Task to carry out — Repeat only the stretch of lines below that runs from the line with "さつまいも畑で土にふれてたく" through the line with "Spread the chopped", unaltered.

Source data —
=== Begin Enclosure ===

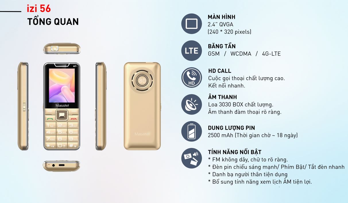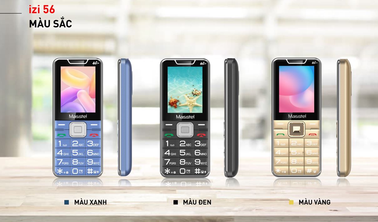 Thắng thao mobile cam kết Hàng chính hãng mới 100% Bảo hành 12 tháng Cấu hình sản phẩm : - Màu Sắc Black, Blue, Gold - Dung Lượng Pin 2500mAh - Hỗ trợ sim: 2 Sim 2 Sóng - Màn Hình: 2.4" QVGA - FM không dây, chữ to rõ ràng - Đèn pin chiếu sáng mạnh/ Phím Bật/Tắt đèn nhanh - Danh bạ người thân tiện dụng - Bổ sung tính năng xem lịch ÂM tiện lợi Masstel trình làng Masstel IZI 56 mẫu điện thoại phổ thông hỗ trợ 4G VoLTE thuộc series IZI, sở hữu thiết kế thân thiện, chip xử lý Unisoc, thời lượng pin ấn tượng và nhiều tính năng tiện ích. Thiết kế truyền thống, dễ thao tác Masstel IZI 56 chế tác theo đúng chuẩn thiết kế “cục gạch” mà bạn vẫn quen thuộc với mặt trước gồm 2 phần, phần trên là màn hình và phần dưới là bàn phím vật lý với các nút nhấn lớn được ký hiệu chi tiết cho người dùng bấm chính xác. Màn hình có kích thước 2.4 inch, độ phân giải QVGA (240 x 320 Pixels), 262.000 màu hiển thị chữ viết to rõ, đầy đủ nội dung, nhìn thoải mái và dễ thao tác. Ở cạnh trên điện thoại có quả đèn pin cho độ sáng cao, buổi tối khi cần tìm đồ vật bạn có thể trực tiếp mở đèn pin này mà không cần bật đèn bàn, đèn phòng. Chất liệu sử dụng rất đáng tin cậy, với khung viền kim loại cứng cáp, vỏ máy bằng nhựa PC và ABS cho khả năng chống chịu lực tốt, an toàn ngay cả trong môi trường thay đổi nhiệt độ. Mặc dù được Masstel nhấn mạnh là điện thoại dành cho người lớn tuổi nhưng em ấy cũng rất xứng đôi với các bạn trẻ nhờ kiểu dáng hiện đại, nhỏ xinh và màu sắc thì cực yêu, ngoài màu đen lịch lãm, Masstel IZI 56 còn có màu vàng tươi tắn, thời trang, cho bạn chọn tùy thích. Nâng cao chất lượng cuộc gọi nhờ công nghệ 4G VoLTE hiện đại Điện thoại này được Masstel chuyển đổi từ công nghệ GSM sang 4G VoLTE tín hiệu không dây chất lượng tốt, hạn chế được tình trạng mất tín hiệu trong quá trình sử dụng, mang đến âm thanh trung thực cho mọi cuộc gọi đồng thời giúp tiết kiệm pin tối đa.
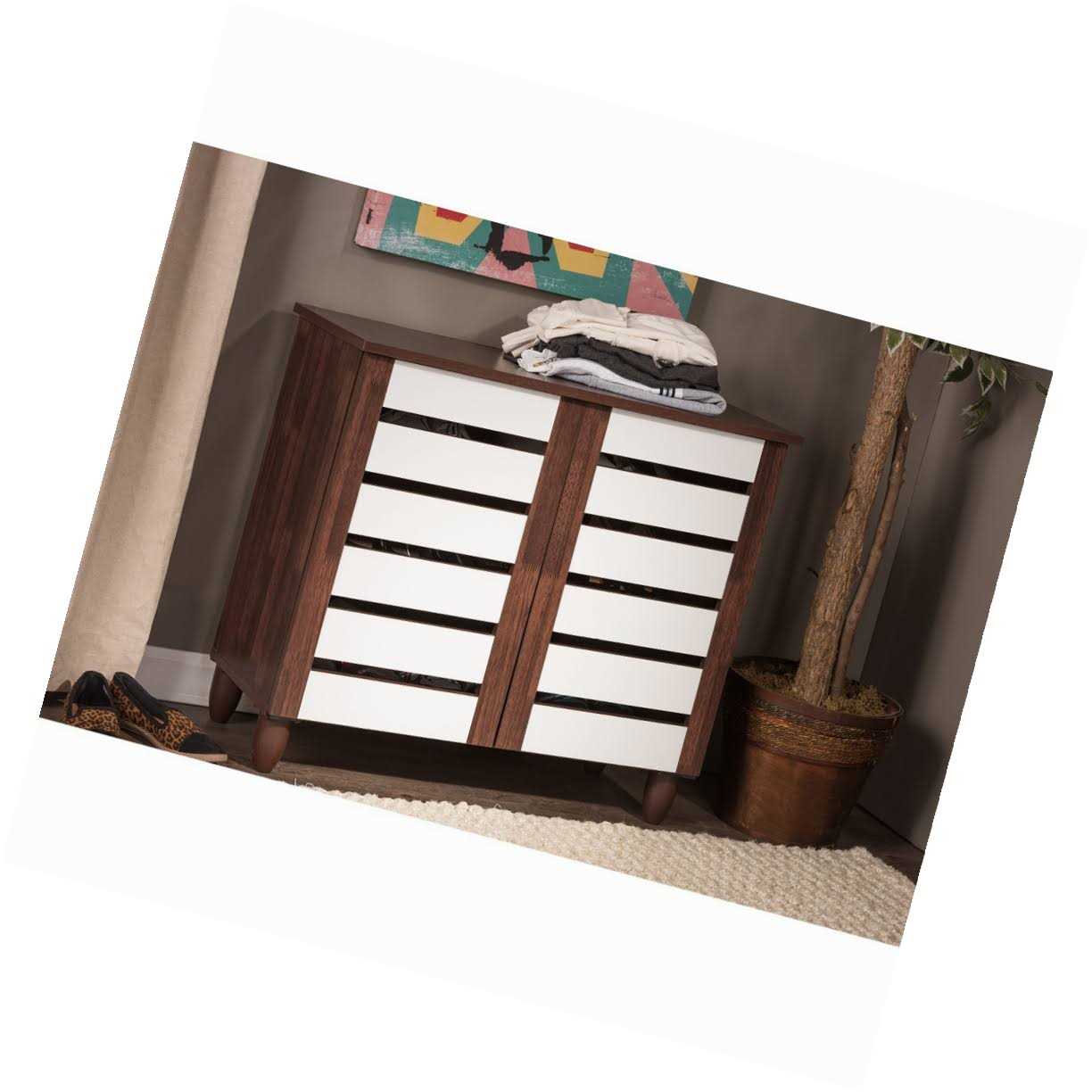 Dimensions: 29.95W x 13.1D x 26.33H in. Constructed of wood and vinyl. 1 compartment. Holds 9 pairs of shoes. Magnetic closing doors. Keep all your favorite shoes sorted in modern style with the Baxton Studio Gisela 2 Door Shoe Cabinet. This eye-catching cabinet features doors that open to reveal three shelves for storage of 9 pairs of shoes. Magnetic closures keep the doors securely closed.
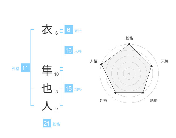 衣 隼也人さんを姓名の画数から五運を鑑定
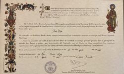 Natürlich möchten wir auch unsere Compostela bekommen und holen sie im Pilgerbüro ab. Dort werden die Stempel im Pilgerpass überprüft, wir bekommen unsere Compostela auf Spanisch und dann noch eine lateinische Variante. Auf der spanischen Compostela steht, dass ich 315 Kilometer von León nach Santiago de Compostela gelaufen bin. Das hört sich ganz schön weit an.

=== End Enclosure ===
=== Begin Enclosure ===

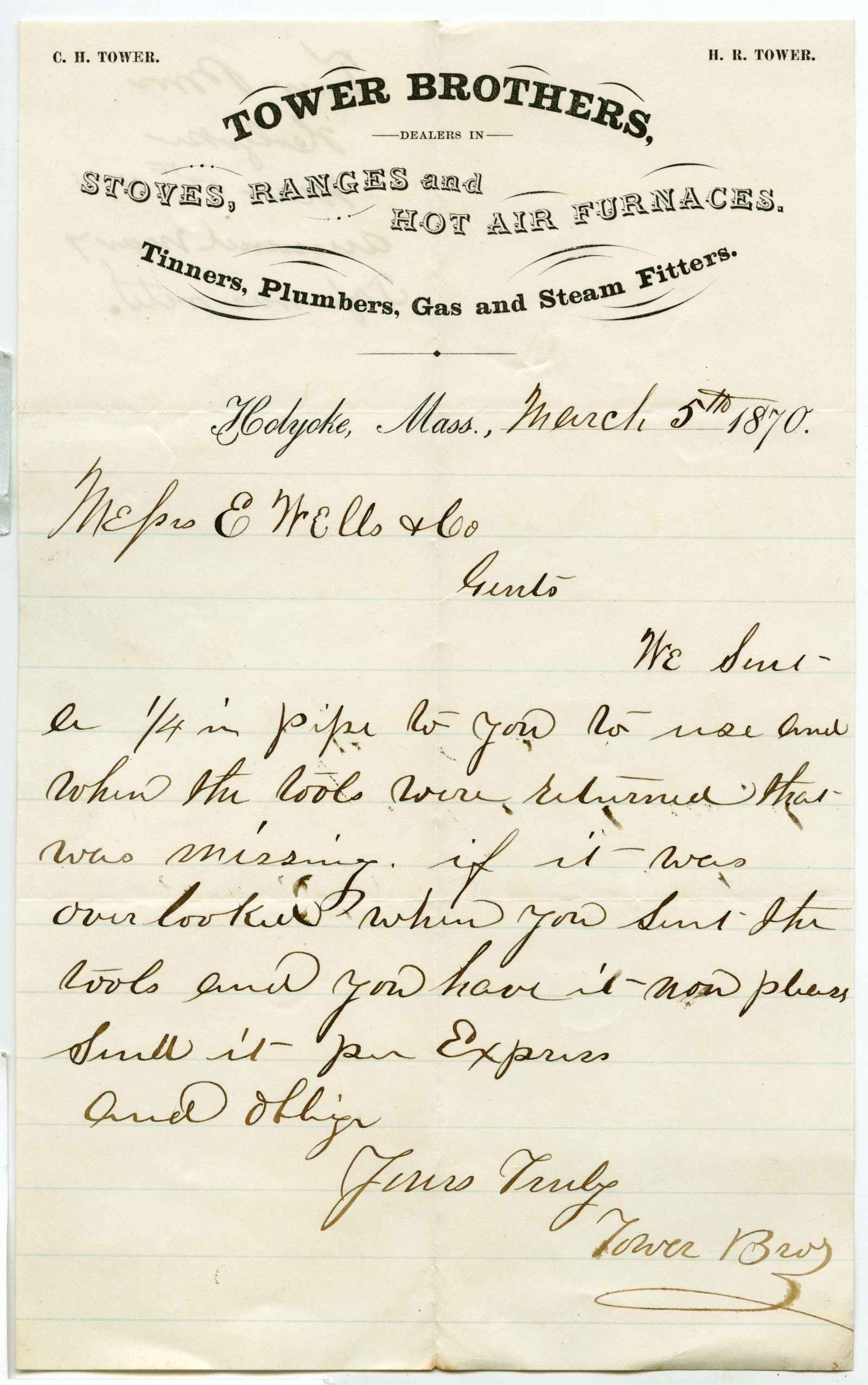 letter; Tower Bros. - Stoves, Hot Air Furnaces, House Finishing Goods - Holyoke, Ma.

=== End Enclosure ===
=== Begin Enclosure ===

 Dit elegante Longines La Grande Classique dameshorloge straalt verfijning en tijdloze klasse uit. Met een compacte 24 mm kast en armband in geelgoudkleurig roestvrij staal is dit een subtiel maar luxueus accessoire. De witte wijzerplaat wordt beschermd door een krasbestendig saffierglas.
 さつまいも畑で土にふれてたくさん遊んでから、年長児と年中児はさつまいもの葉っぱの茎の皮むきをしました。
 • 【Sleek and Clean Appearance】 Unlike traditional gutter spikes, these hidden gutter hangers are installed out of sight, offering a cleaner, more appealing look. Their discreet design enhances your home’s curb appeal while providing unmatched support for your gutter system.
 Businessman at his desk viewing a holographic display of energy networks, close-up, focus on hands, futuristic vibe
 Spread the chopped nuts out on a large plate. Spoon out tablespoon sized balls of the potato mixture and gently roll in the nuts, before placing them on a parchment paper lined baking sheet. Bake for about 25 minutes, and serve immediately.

=== End Enclosure ===

Exercise result —
 さつまいも畑で土にふれてたくさん遊んでから、年長児と年中児はさつまいもの葉っぱの茎の皮むきをしました。
 • 【Sleek and Clean Appearance】 Unlike traditional gutter spikes, these hidden gutter hangers are installed out of sight, offering a cleaner, more appealing look. Their discreet design enhances your home’s curb appeal while providing unmatched support for your gutter system.
 Businessman at his desk viewing a holographic display of energy networks, close-up, focus on hands, futuristic vibe
 Spread the chopped nuts out on a large plate. Spoon out tablespoon sized balls of the potato mixture and gently roll in the nuts, before placing them on a parchment paper lined baking sheet. Bake for about 25 minutes, and serve immediately.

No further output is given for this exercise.